= Exercise details =
Exactly as they appear below, repeat the lines from the one with "(Exo Evo Version)" through the one with "Dr.ウィラード・ フェイシャルソープ 90g 2,970円(税抜2,700円)", and no others.

= Record excerpts =
==========

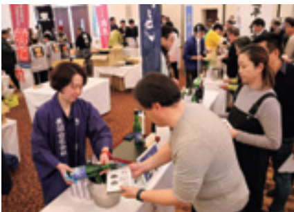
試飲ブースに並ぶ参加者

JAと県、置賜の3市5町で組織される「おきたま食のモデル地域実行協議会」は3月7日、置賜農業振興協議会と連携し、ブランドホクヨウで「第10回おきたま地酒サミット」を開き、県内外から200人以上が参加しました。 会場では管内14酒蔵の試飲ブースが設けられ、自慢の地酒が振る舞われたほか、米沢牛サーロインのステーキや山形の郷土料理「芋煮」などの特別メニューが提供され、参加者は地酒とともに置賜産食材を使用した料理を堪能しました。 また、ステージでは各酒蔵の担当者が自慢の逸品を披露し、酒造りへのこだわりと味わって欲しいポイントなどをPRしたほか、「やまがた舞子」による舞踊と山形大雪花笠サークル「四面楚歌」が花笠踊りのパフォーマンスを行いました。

==========

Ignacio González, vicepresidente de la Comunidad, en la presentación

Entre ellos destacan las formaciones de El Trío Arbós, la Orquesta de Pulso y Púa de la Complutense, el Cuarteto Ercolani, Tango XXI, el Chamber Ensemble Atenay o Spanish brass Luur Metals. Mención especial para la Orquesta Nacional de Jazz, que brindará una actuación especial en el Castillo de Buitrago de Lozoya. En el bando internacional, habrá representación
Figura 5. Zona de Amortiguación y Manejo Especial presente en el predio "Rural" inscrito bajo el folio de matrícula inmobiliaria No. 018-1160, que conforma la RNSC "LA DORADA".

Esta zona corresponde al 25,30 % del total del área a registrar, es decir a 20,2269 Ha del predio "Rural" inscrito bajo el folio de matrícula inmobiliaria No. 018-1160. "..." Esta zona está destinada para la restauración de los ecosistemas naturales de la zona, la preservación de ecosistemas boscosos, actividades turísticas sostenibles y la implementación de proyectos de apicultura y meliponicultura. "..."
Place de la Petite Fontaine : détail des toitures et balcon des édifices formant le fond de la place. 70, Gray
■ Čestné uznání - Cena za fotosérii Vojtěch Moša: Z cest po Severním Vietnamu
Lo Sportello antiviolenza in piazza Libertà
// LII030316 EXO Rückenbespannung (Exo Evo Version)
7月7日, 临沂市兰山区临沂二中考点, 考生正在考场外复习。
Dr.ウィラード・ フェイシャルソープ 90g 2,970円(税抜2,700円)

==========

= Response area =
// LII030316 EXO Rückenbespannung (Exo Evo Version)
7月7日, 临沂市兰山区临沂二中考点, 考生正在考场外复习。
Dr.ウィラード・ フェイシャルソープ 90g 2,970円(税抜2,700円)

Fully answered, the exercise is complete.